Transcribe all of the records, leaving out any pictures.

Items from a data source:

*** Block opens ***

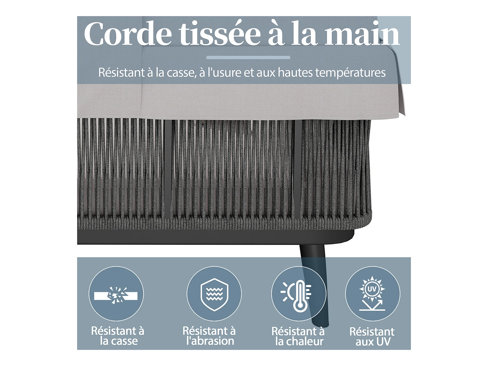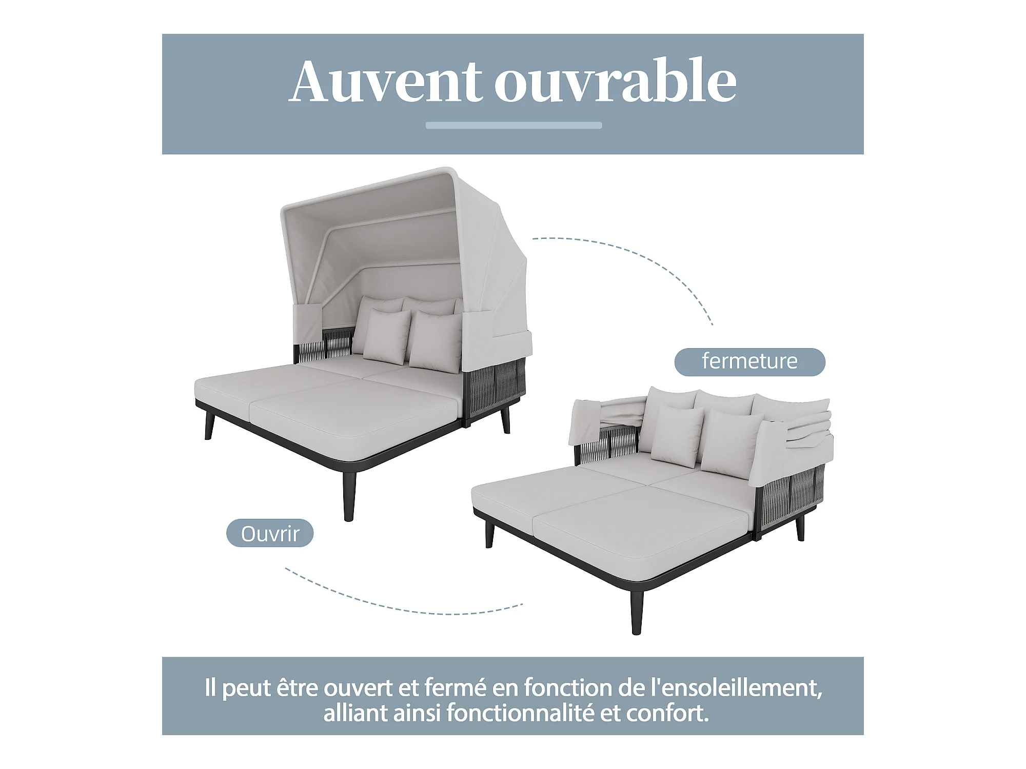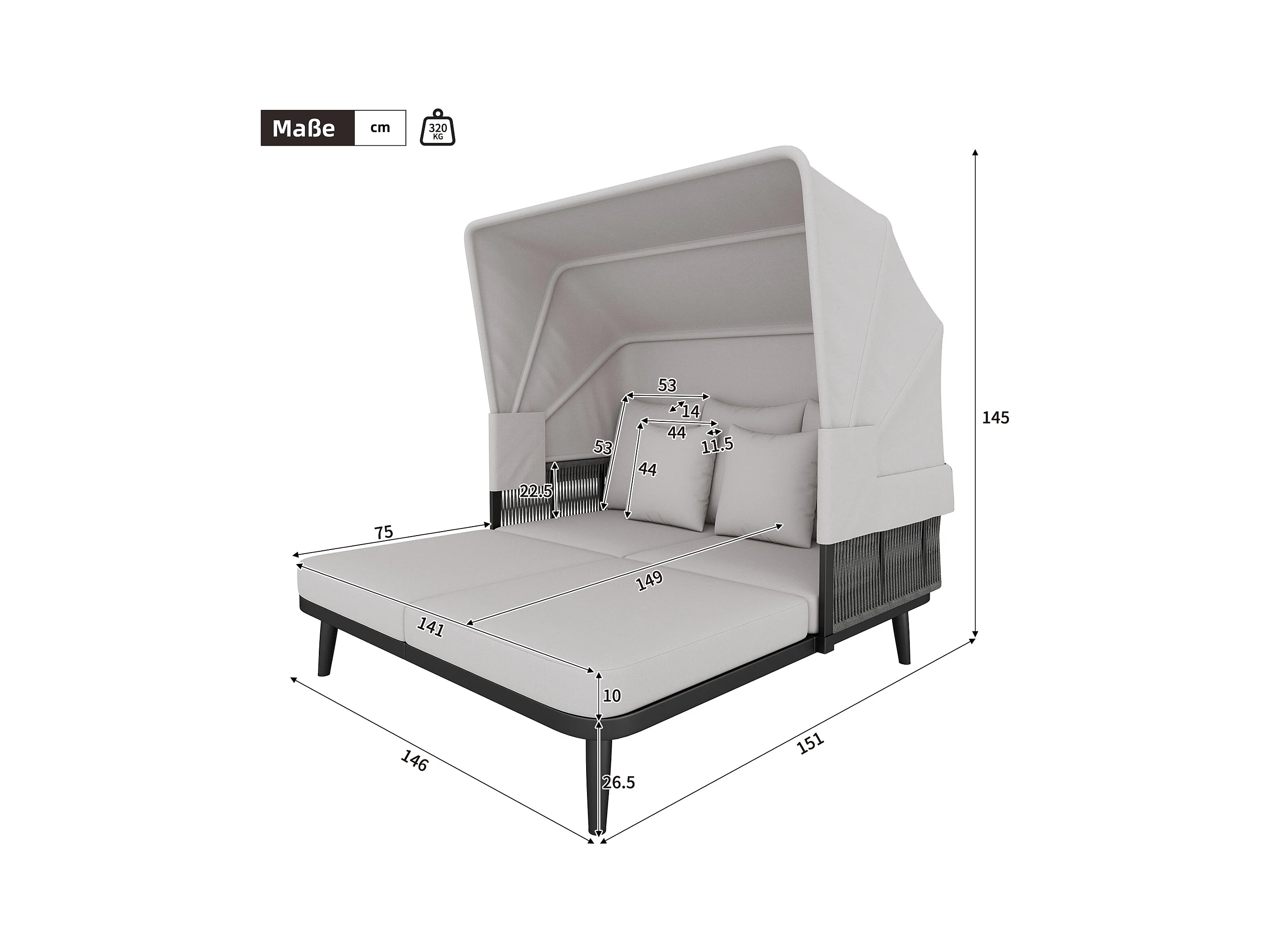 Leżak - Zestaw ogrodowy - kanapa ogrodowa - ze stali ocynkowanej - 2 miejsca - z regulowanym daszkiem - Szary
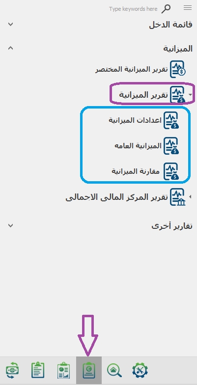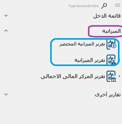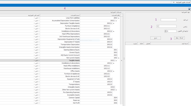 ومنها يمكن ترتيب بنود الميزانية وإضافة وحذف حسابات و يكون شكل الاعدادات كالتالى
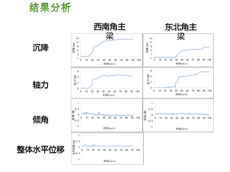 2、混凝土澆筑到對應監測點區域時段時,該點處立桿變形、應力變化達到最大值,且該變化具有突發性、持續時間短,變化速率大的特點,此時高支模危險性最大。因此,在該時段需密切關注各項監測參數的變化情況;
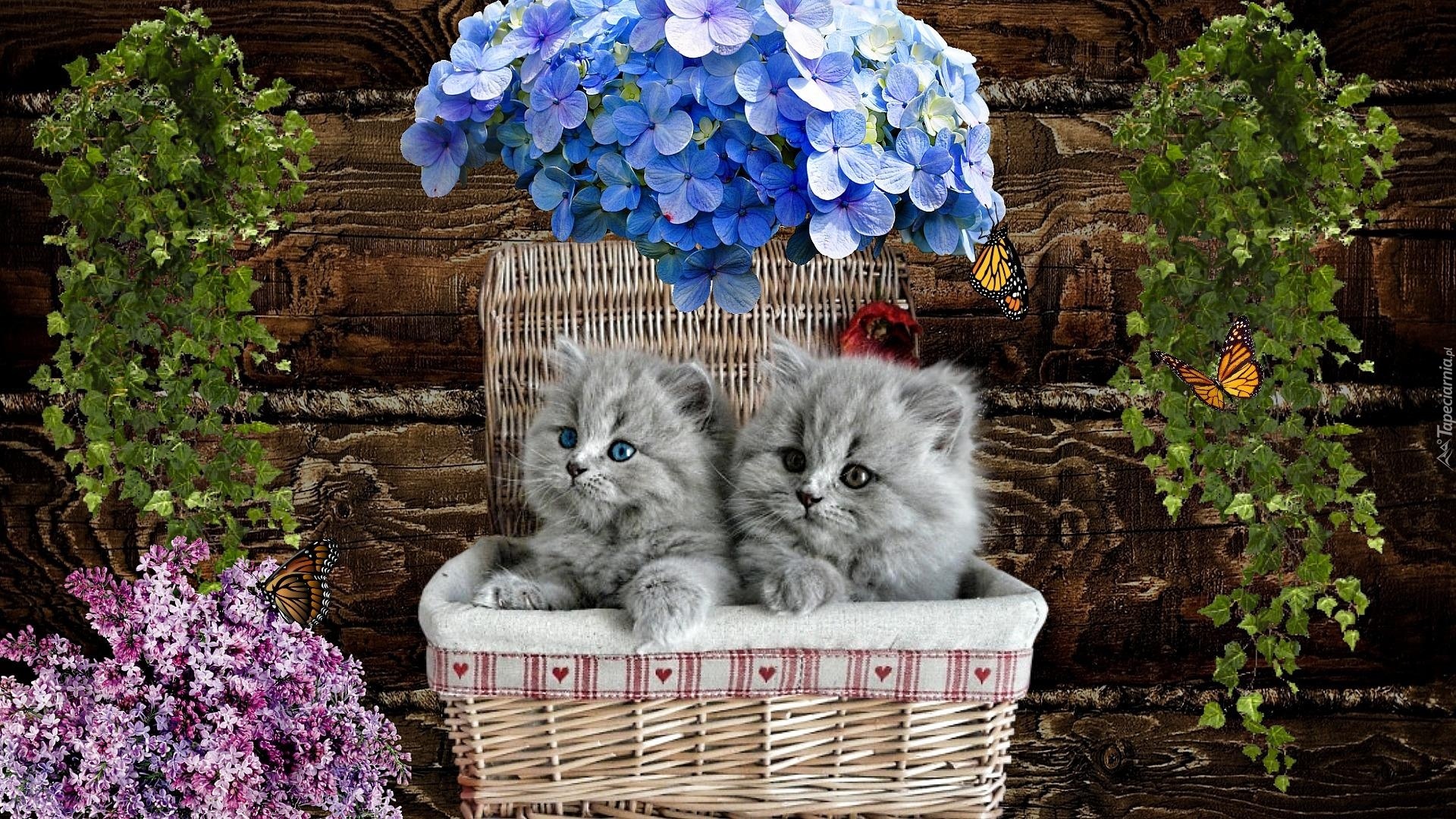 Edytor tapety: Słodkie, Maleńkie, Kotki, Kosz, Kwiaty
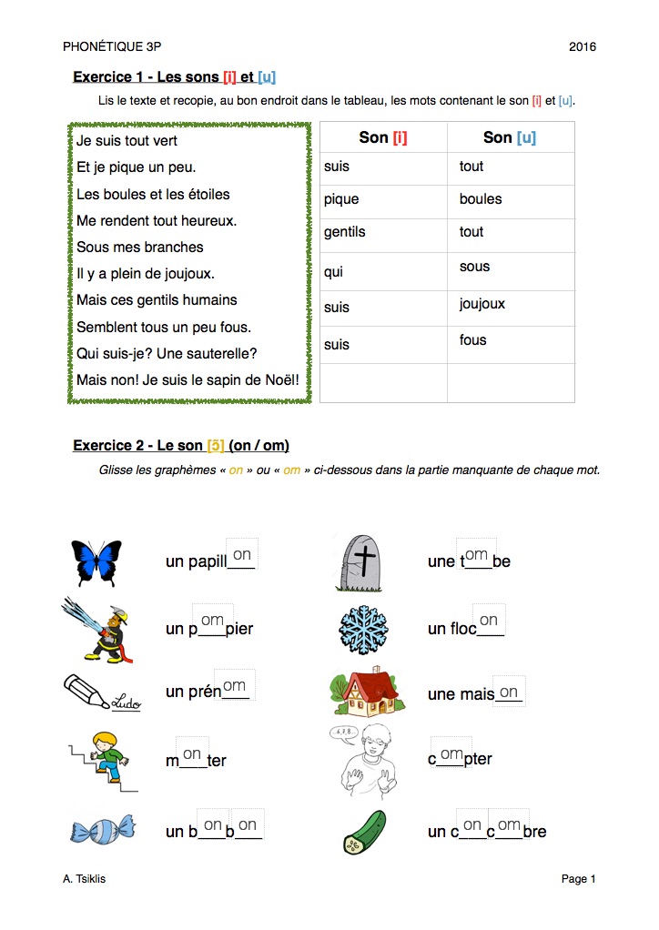 Français - Travailler les graphèmes "on" et "om" avec Pages

*** Block closes ***

Completed task:
 Leżak - Zestaw ogrodowy - kanapa ogrodowa - ze stali ocynkowanej - 2 miejsca - z regulowanym daszkiem - Szary
 ومنها يمكن ترتيب بنود الميزانية وإضافة وحذف حسابات و يكون شكل الاعدادات كالتالى
 2、混凝土澆筑到對應監測點區域時段時,該點處立桿變形、應力變化達到最大值,且該變化具有突發性、持續時間短,變化速率大的特點,此時高支模危險性最大。因此,在該時段需密切關注各項監測參數的變化情況;
 Edytor tapety: Słodkie, Maleńkie, Kotki, Kosz, Kwiaty
 Français - Travailler les graphèmes "on" et "om" avec Pages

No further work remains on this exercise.